What needs to be done: Write out the whole listing exactly; no images belong in it.

Information shown:
◇ ◇ ◇

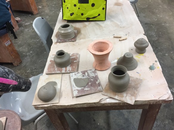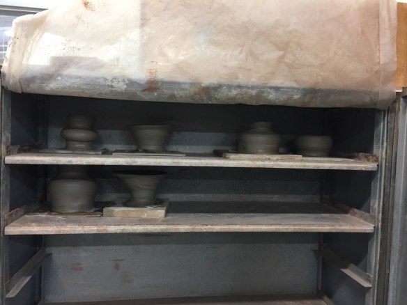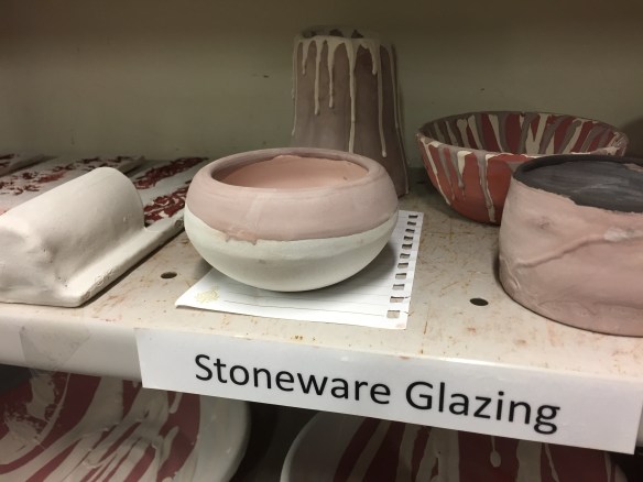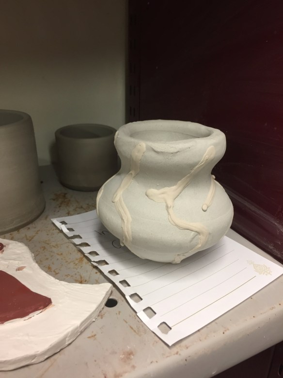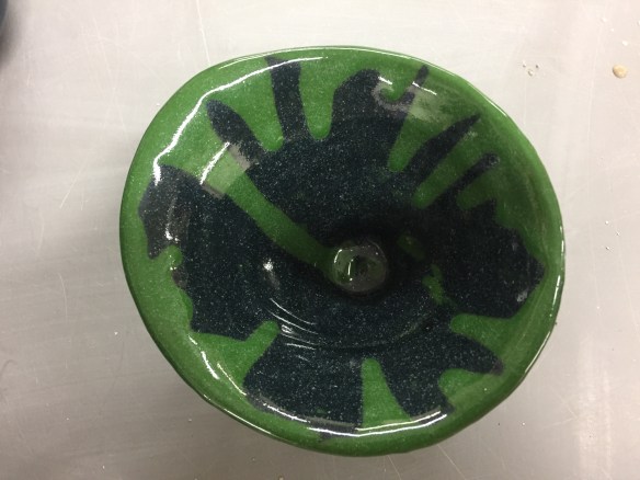 Glazed and ready to go into the kiln for a second firing (this one is cheating slightly, as I didn’t make it – my instructor made it for me to show me the technique and I decided to glaze it to test out some colours.
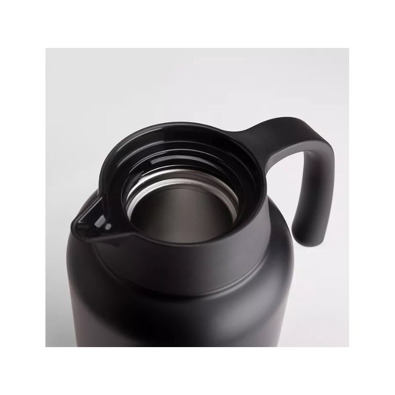 Внутренняя колба выполнена из нержавеющей стали, марки AISI 316. Она характеризуется коррозийной стойкостью и прочностью. Корпус самого термоса изготовлен из пищевой стали и полипропилена. V-образный носик обеспечивает плавный поток воды.
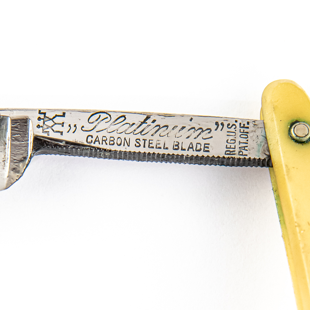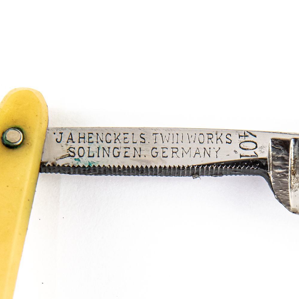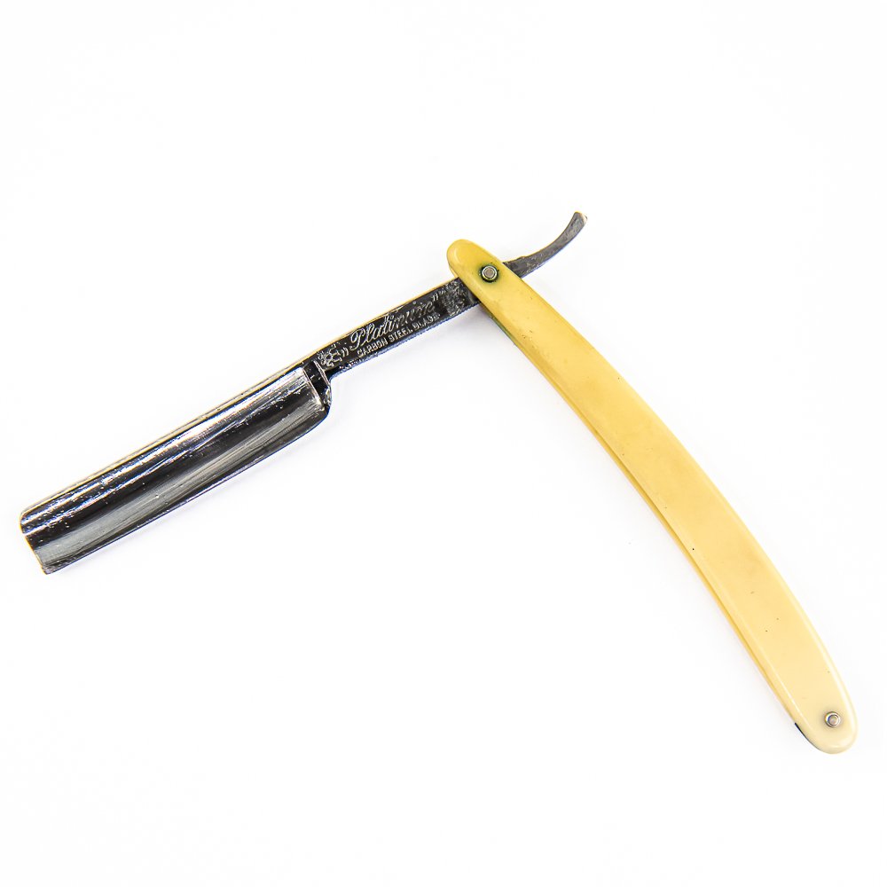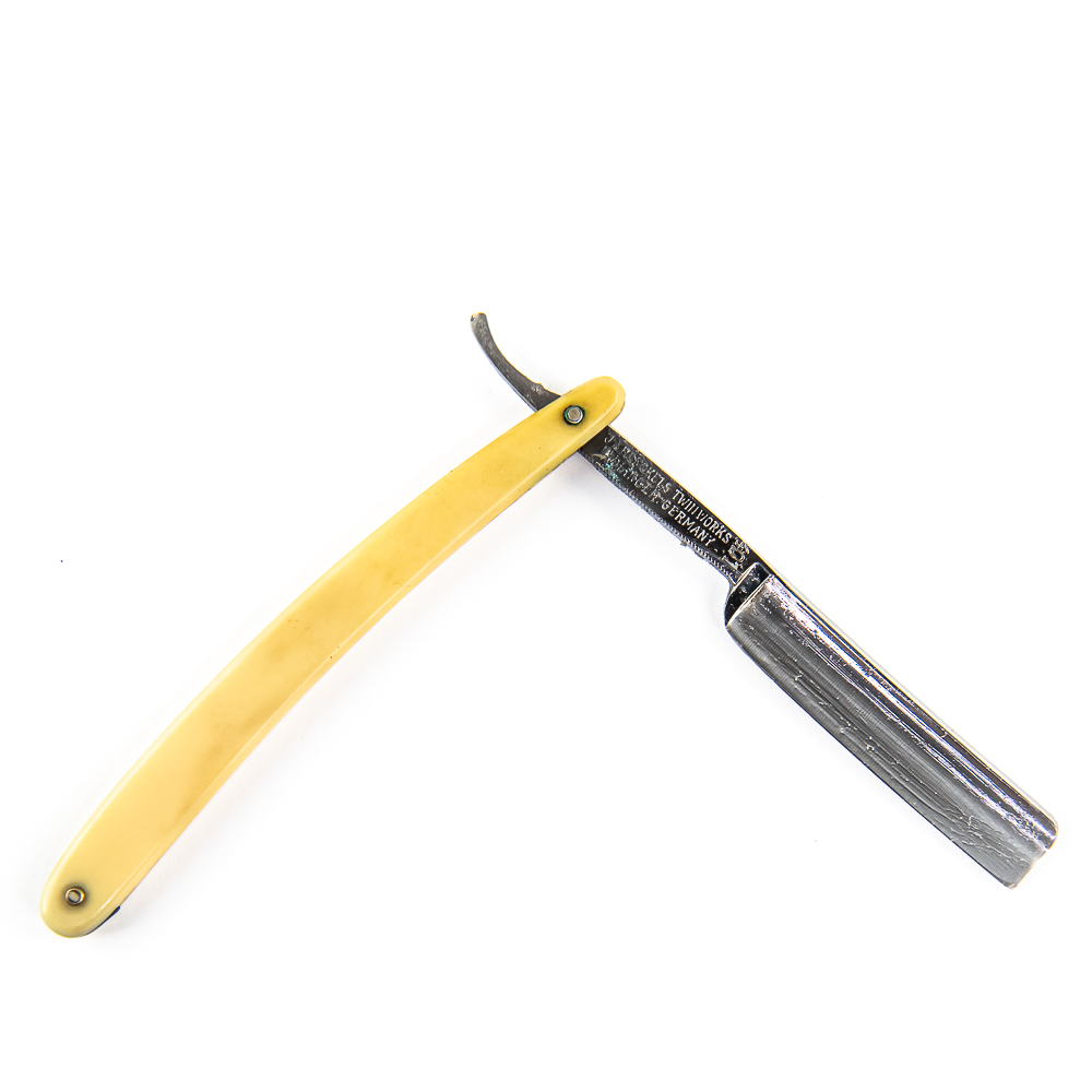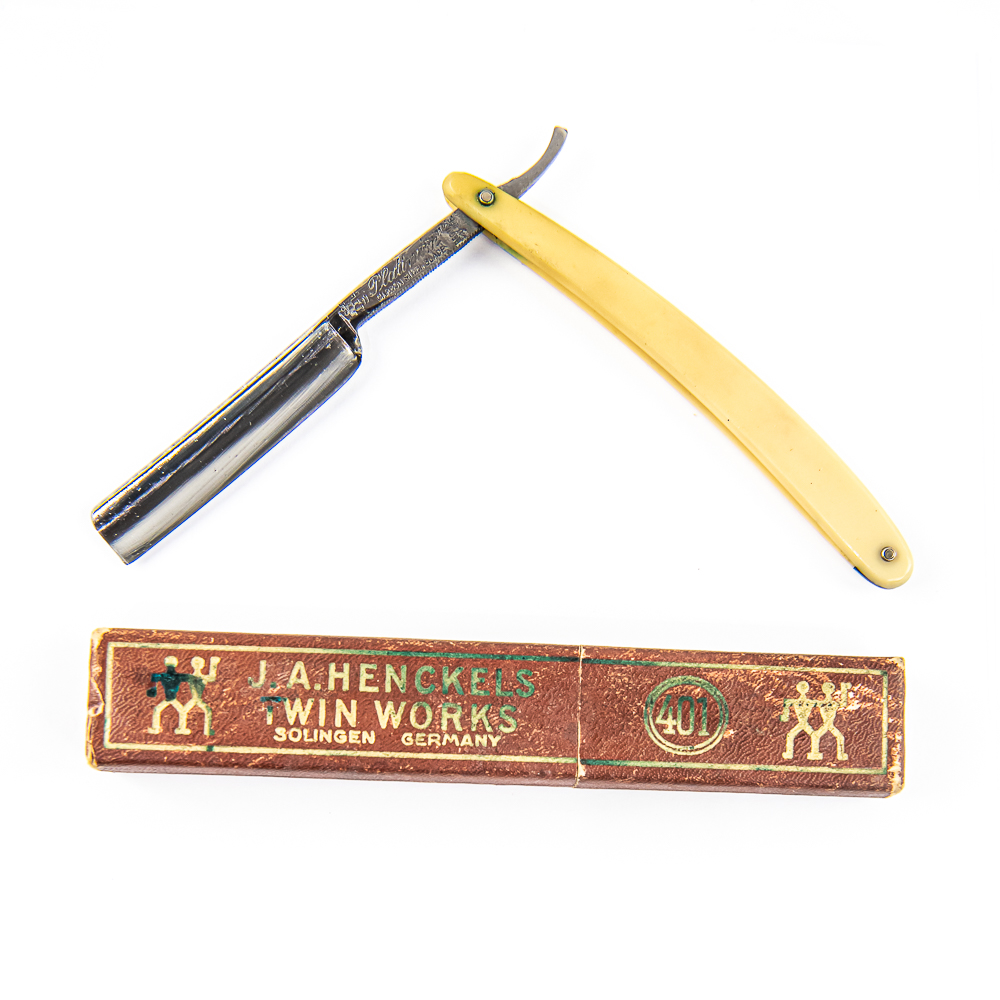 Vintage Straight Razor by J. A. Henckels, with off-white plastic scales, minor corrosion noted near pivot-pin. The face is blank, Tang reads “Platinum Carbon Steel”, and reverse reads “J. A. Henckels Twinworks Solingen Germany 401”. Blade is in overall great condition, with shiny luster, has cosmoline protectant applied. Original box IS included and is in fair condition, staining and edge wear noted. See photos and bid accordingly.

◇ ◇ ◇

Answer to the exercise:
 Glazed and ready to go into the kiln for a second firing (this one is cheating slightly, as I didn’t make it – my instructor made it for me to show me the technique and I decided to glaze it to test out some colours.
 Внутренняя колба выполнена из нержавеющей стали, марки AISI 316. Она характеризуется коррозийной стойкостью и прочностью. Корпус самого термоса изготовлен из пищевой стали и полипропилена. V-образный носик обеспечивает плавный поток воды.
 Vintage Straight Razor by J. A. Henckels, with off-white plastic scales, minor corrosion noted near pivot-pin. The face is blank, Tang reads “Platinum Carbon Steel”, and reverse reads “J. A. Henckels Twinworks Solingen Germany 401”. Blade is in overall great condition, with shiny luster, has cosmoline protectant applied. Original box IS included and is in fair condition, staining and edge wear noted. See photos and bid accordingly.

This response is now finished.